Demand

Demand is the request to acquire something. In economics, the demand for is the total amount of a good or service that people want to acquire.

It comprises a wide range of goods and services that can be acquired at market prices, either by a specific consumer or by the total set of consumers in a given place, in order to satisfy their needs and desires.

These goods and services can encompass almost all of human production such as food, means of transport, education, leisure, medicines and much more. For this reason, almost all human beings who participate in modern life are considered as ‘plaintiffs’.

Demand is highly analyzed in the study of economics, which seeks the most efficient way to allocate resources, which are limited, to needs, which are unlimited. In theory, if the price of all things were zero, the demand would be infinite.

Determinants of demand movement

There are five types of determinants that make an increase or decrease in demand possible:

  1. The price:Of goods and services, it is inversely proportional to demand. Imagine that when the price of a next-generation Smartphone rises in price. When before the sale price was 100 monetary units and now there are 150 monetary units, there will be fewer people who will want or can buy it.
  2. The offer: The disposition of the goods and services, expressed in the existence of the company that offers the service and in what quantity. Imagine that in a market where there has been an earthquake and the harvest of an agricultural product has been spoiled. In this new situation, having less quantity of that product in the market the price will rise because there will be people willing to pay a higher price.
  3. Place:Virtual physical or space where these goods are offered. There is always a transport cost attributable to the sale price of that product and, which is directly proportional to the form or method of transport used. For example, the transport of products packaged in boxes is cheaper than the transport of frozen fish on the high seas, where costs are high.
  4. The plaintiff’s ability to pay:At this point the situation or bargaining power is key when setting a price for the good or service in question.
  5. Desires and needs:Both basic and secondary. In this sense, imagine that you have an urgent need to buy a product in a geographical area where it is not commercialized, necessary for the development of your daily life. You, as the plaintiff, will offer a higher purchase price (it is closely linked to point number 2).

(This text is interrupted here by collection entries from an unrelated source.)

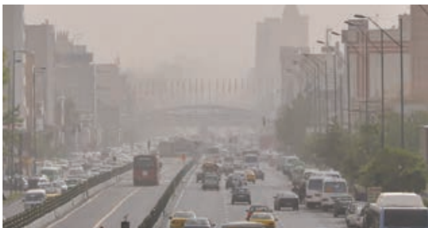
استان تهران - شهر تهران

با دقت به تصویر هوای آلوده نگاه کنید. چرا هوا آلوده شده است؟ چگونه می‌توانیم هوایی سالم داشته باشیم؟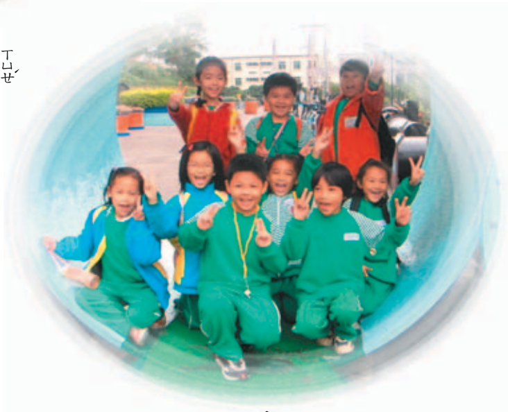
活 ㄟ 潑 ㄟ 的 ㄟ 孩 ㄟ 子 ㄟ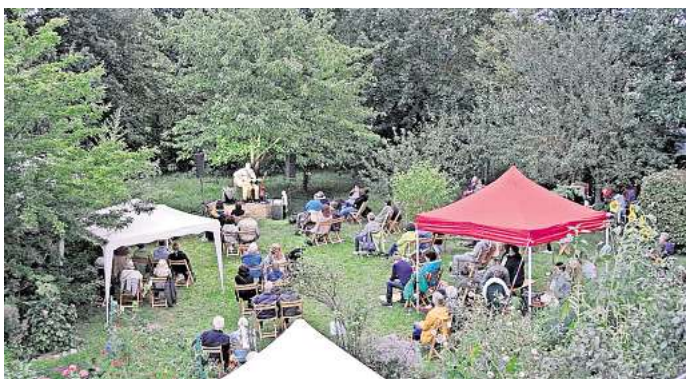
Konzert im Landhausgarten in Mehrum: Auf dem Kunsthof findet ein dreitägiges Musikfestival statt.

Den Start macht die siebenköpfige Band „Feathers and Freed“, die ihr außergewöhnliches Musikgenre selbst als „PsychedelicArtRock“ bezeichnet. Als „Psychedelic Rock“ wird eine Spielart der Rockmusik bezeichnet, zu deren Pionieren Bands wie die Beatles oder The Doors gehörten und beschreibt einen experimentellen Umgang mit Musikstrukturen. „Mit Gesängen, Gitarren, Cello,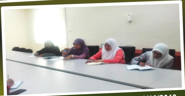
MESYUARAT JAWATANKUASA HAL EHWAL WANITA (HELWA) PUSAT ISLAM UMK 8/10/2019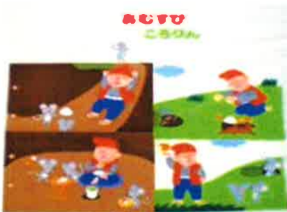
布の本「おむすびころりん」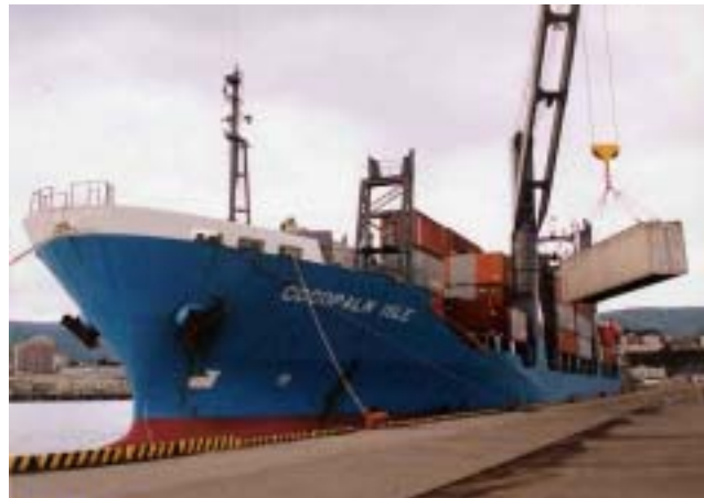
ココパーム・アイル号 11,244ト

小樽港が中国の大連、青島、上海とコンテナ航路で結ばれたことは、新潟・舞鶴と結ばれる国内フェリー航路、サハリン州ホルムスクと結ばれる日口定期フェリー航路と合わせて、更に日本海を中心とした海上交通ネットワークの充実がはかられ、今後ますます港の活用がはかられることとなります。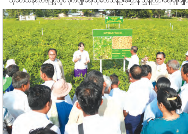
သိမ့်သိမ့်မိုး (မြန်မာ့အလင်း)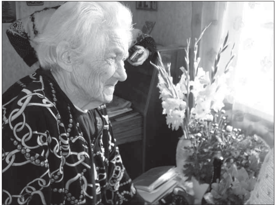
104-aastane sünnipäevalaps.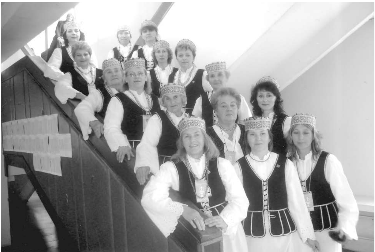
„Neskaičiuojam, kiek dainų mokam...“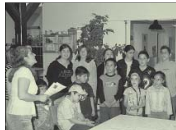
Børnene lærer også armenske sange, som de synger med stor glæde.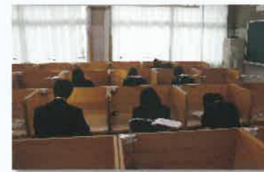
木製ブースの自習室

In economics , the concept of demand is usually studied linked to ‘ supply ‘, since both must be analyzed together to determine the quantity of goods and services produced and their monetary value (see the law of supply and demand ) .

Price elasticity of demand

Demand can basically be understood as a mathematical function, through the ‘Demand Curve’, whose slope shows how it increases or decreases according to the variation in the price of the product or service. This concept is called ‘Price elasticity of demand’. Elasticity can be understood as the impact that variations in price have on the quantity demanded.

Taking into account the elasticity of the curve, we can find three types of price elasticity of demand:

  1. Elastic demand:  This means that before a variation in the price of the good or service, the demand increases considerably in a greater proportion. For example, liquors or products considered luxury. They are tremendously elastic, imagine that the price of a sports car decreases, the demand will be increased by a greater amount.
  2. Inelastic demand:  This means that before a variation in the price of the good or service, the demand moves in a smaller proportion. For example, products that cannot be substituted and are necessary as medicines. In this case, the fact that the price of a medicine increases – for example insulin -, demand will be very little affected because there will be people who need that product and do not find a substitute in the market.
  3. Unitary demand:when variations in the price of a good or service produce the same variation in the quantity demanded.

Graphical representation of the demand

Translating the supply and demand behaviors just explained to a graph, it is understood that the supply curve (S) is increasing and the  demand curve  (D) is decreasing.